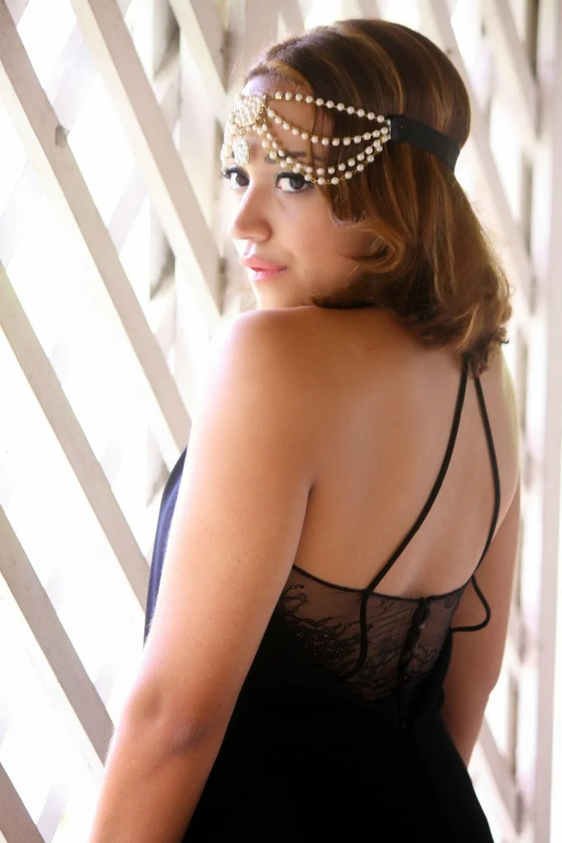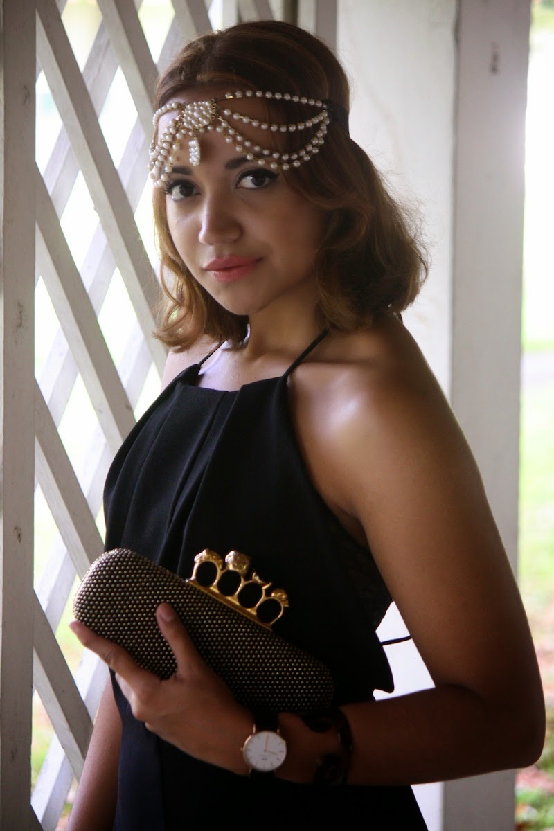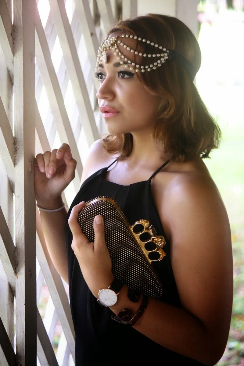 Las opciones de Luxury Expressions incluyen este clutch de Alexander McQueen que resume todo lo que me gusta en la moda: los colores negro y dorado, studs y calaveras. Combinado con un vestido negro con encaje, y mi adorado bindi de perlas, logre este look inspirado en los años 20 que va perfecto con el romanticismo punk del diseño McQueen.
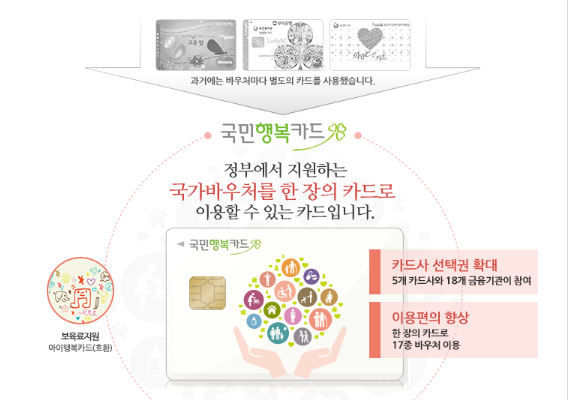 국민행복카드는 정부에서 제공하는 여러 국가 바우처 서비스를 한 장의 카드로
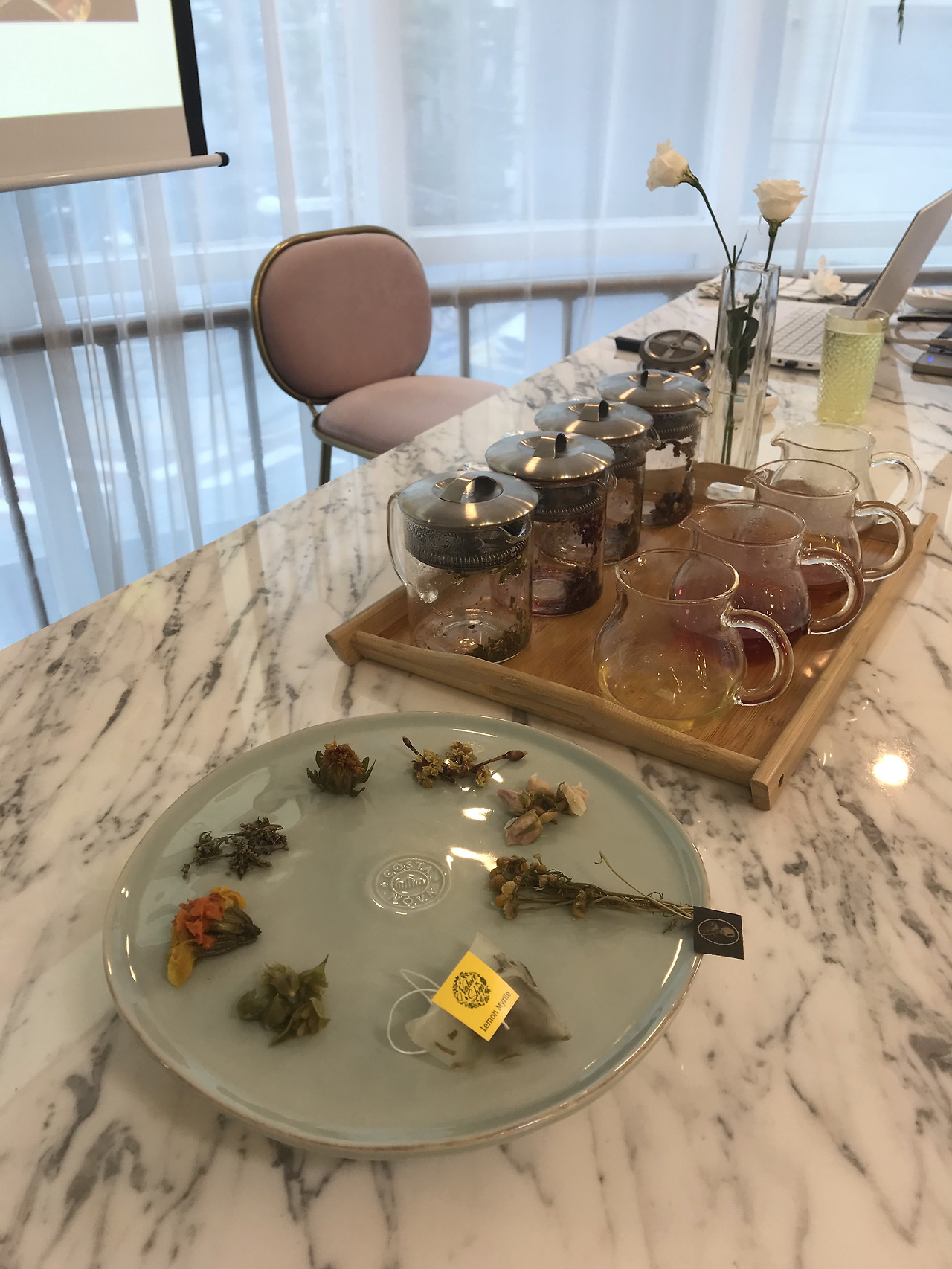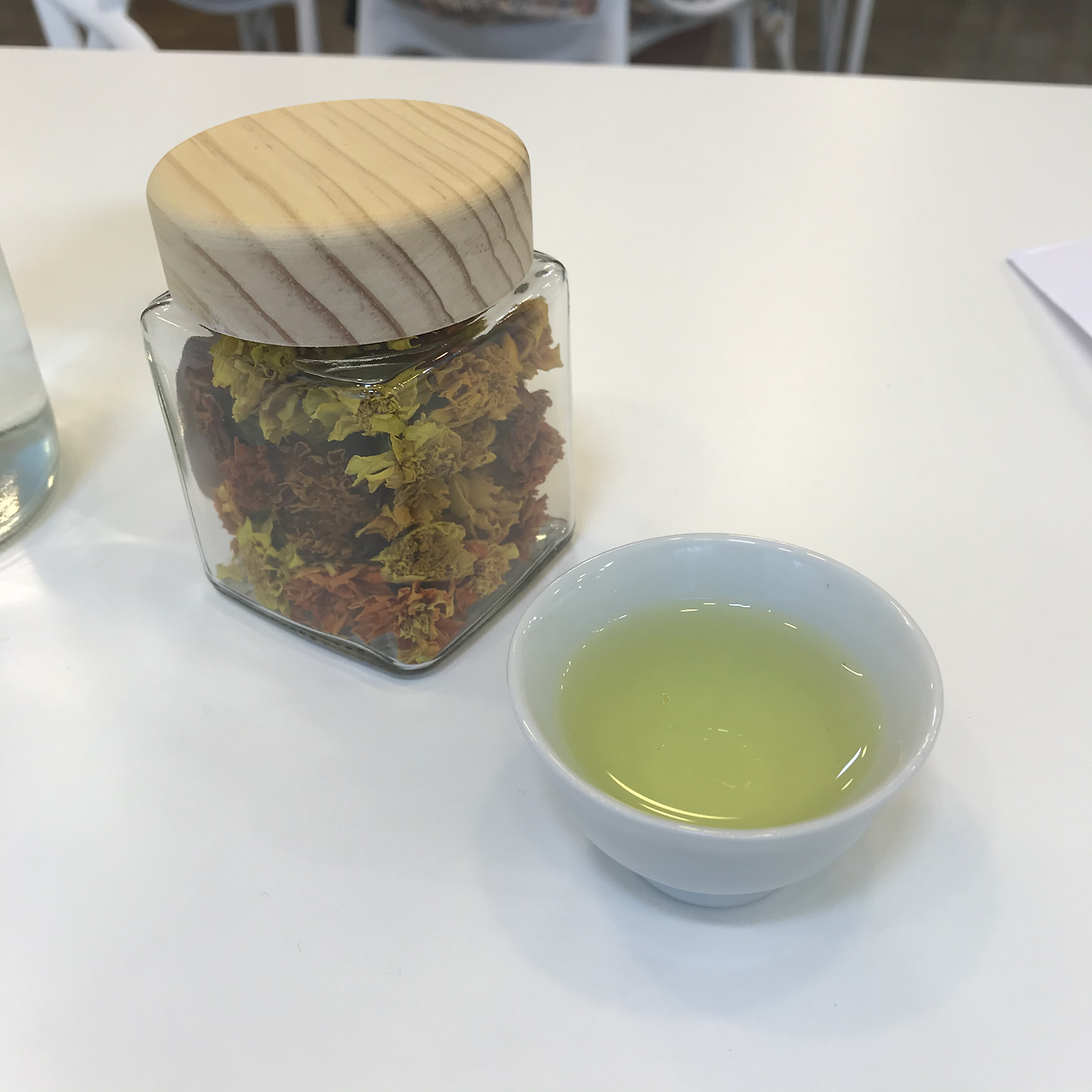 티클래스 시간에 시음한 한국 허브차는 홍화차, 쑥꽃차, 생강꽃차, 금잔화차.
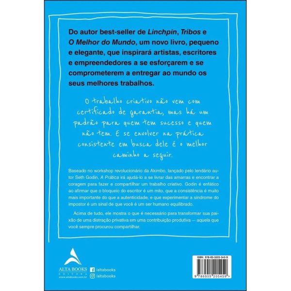 Do autor best-seller de Linchpin, Tribos e O Melhor do Mundo, um novo livro, pequeno e elegante, que inspirará artistas, escritores e empreendedores a se esforçarem e se comprometerem a entregar ao mundo os seus melhores trabalhos. O trabalho criativo não vem com certificado de garantia, mas há um padrão para quem tem sucesso e quem não tem. E se envolver na prática consistente em busca dele é o melhor caminho a seguir. Baseado no workshop revolucionário da Akimbo, lançado pelo lendário autor Seth Godin, A Prática irá ajudá-lo a se livrar das amarras e encontrar a coragem para fazer e compartilhar um trabalho criativo. Godin é enfático ao afirmar que o bloqueio do escritor é um mito, que a consistência é muito mais importante do que a autenticidade, e que experimentar a síndrome do impostor é um sinal de que você é um ser humano equilibrado. Acima de tudo, ele mostra o que é necessário para transformar sua paixão de uma distração privativa em uma contribuição produtiva — aquela que você sempre procurou compartilhar. SOBRE O AUTOR É um empreendedor, autor best-seller e palestrante. Mas, acima de tudo, Seth é um professor. Além de lançar um dos mais populares blogs do mundo, escreveu dezenove best-sellers, incluindo O Melhor do Mundo, Linchpin, Purple Cow, Tribos e What To Do When It’s Your Turn. Seu mais recente livro, Isso é Marketing, foi um best-seller instantâneo em vários países.
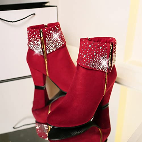 More information about MIOKE Women's Chunky Block High Heel Ankle Boots Rhinestone Round Toe Suede Zipper Bootie Dress Short Boots
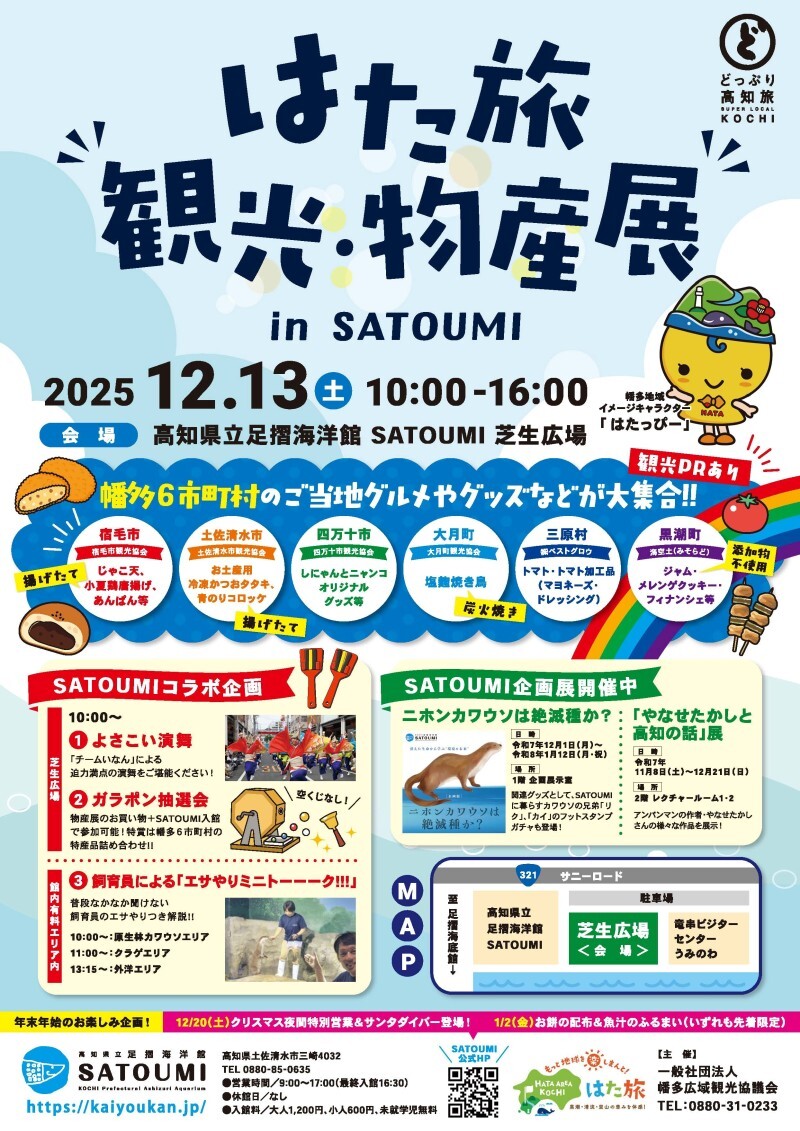 SATOUMIでは12月13日(土)10:00より、幡多6市町村のご当地グルメやグッズが集合する「はた旅 観光・物産展 in SATOUMI」を開催いたします。
****************************************
All of the material above should be set down again exactly, though not its pictures.

» RESULT OF THIS EXERCISE
 Las opciones de Luxury Expressions incluyen este clutch de Alexander McQueen que resume todo lo que me gusta en la moda: los colores negro y dorado, studs y calaveras. Combinado con un vestido negro con encaje, y mi adorado bindi de perlas, logre este look inspirado en los años 20 que va perfecto con el romanticismo punk del diseño McQueen.
 국민행복카드는 정부에서 제공하는 여러 국가 바우처 서비스를 한 장의 카드로
 티클래스 시간에 시음한 한국 허브차는 홍화차, 쑥꽃차, 생강꽃차, 금잔화차.
 Do autor best-seller de Linchpin, Tribos e O Melhor do Mundo, um novo livro, pequeno e elegante, que inspirará artistas, escritores e empreendedores a se esforçarem e se comprometerem a entregar ao mundo os seus melhores trabalhos. O trabalho criativo não vem com certificado de garantia, mas há um padrão para quem tem sucesso e quem não tem. E se envolver na prática consistente em busca dele é o melhor caminho a seguir. Baseado no workshop revolucionário da Akimbo, lançado pelo lendário autor Seth Godin, A Prática irá ajudá-lo a se livrar das amarras e encontrar a coragem para fazer e compartilhar um trabalho criativo. Godin é enfático ao afirmar que o bloqueio do escritor é um mito, que a consistência é muito mais importante do que a autenticidade, e que experimentar a síndrome do impostor é um sinal de que você é um ser humano equilibrado. Acima de tudo, ele mostra o que é necessário para transformar sua paixão de uma distração privativa em uma contribuição produtiva — aquela que você sempre procurou compartilhar. SOBRE O AUTOR É um empreendedor, autor best-seller e palestrante. Mas, acima de tudo, Seth é um professor. Além de lançar um dos mais populares blogs do mundo, escreveu dezenove best-sellers, incluindo O Melhor do Mundo, Linchpin, Purple Cow, Tribos e What To Do When It’s Your Turn. Seu mais recente livro, Isso é Marketing, foi um best-seller instantâneo em vários países.
 More information about MIOKE Women's Chunky Block High Heel Ankle Boots Rhinestone Round Toe Suede Zipper Bootie Dress Short Boots
 SATOUMIでは12月13日(土)10:00より、幡多6市町村のご当地グルメやグッズが集合する「はた旅 観光・物産展 in SATOUMI」を開催いたします。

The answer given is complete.